** Task requirements **
Send back the line that contains "Around a few" and all lines following it through the end of the data below, exactly, omitting pictures.

** Data shown **

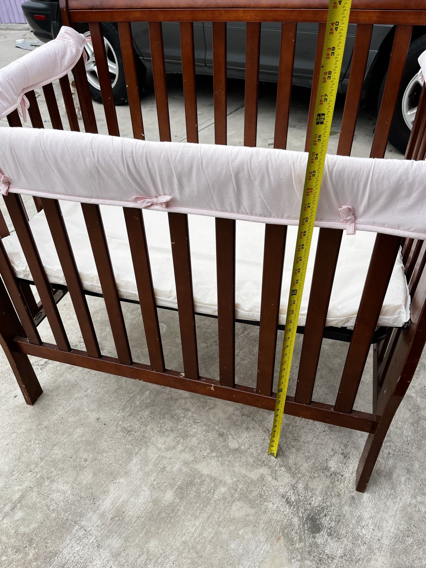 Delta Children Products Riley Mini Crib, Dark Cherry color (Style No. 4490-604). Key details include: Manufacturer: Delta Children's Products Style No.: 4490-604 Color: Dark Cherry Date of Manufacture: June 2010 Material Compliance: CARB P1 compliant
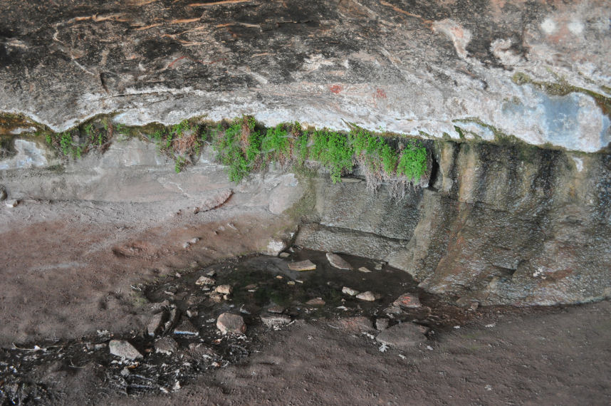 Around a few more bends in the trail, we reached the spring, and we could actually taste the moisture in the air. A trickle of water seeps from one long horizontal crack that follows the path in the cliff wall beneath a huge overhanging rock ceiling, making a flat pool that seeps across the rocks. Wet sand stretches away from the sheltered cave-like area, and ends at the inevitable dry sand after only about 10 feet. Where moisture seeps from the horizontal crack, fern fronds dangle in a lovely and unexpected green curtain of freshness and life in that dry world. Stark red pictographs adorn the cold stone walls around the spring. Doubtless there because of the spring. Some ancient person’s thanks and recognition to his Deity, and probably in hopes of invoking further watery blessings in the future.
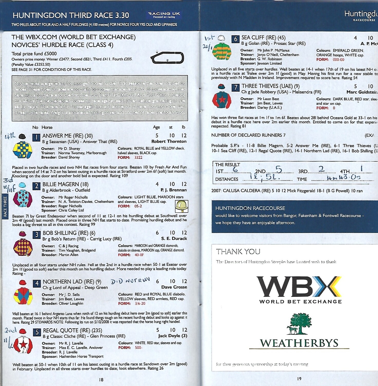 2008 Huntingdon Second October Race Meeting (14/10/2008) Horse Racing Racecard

** Answer section **
 Around a few more bends in the trail, we reached the spring, and we could actually taste the moisture in the air. A trickle of water seeps from one long horizontal crack that follows the path in the cliff wall beneath a huge overhanging rock ceiling, making a flat pool that seeps across the rocks. Wet sand stretches away from the sheltered cave-like area, and ends at the inevitable dry sand after only about 10 feet. Where moisture seeps from the horizontal crack, fern fronds dangle in a lovely and unexpected green curtain of freshness and life in that dry world. Stark red pictographs adorn the cold stone walls around the spring. Doubtless there because of the spring. Some ancient person’s thanks and recognition to his Deity, and probably in hopes of invoking further watery blessings in the future.
 2008 Huntingdon Second October Race Meeting (14/10/2008) Horse Racing Racecard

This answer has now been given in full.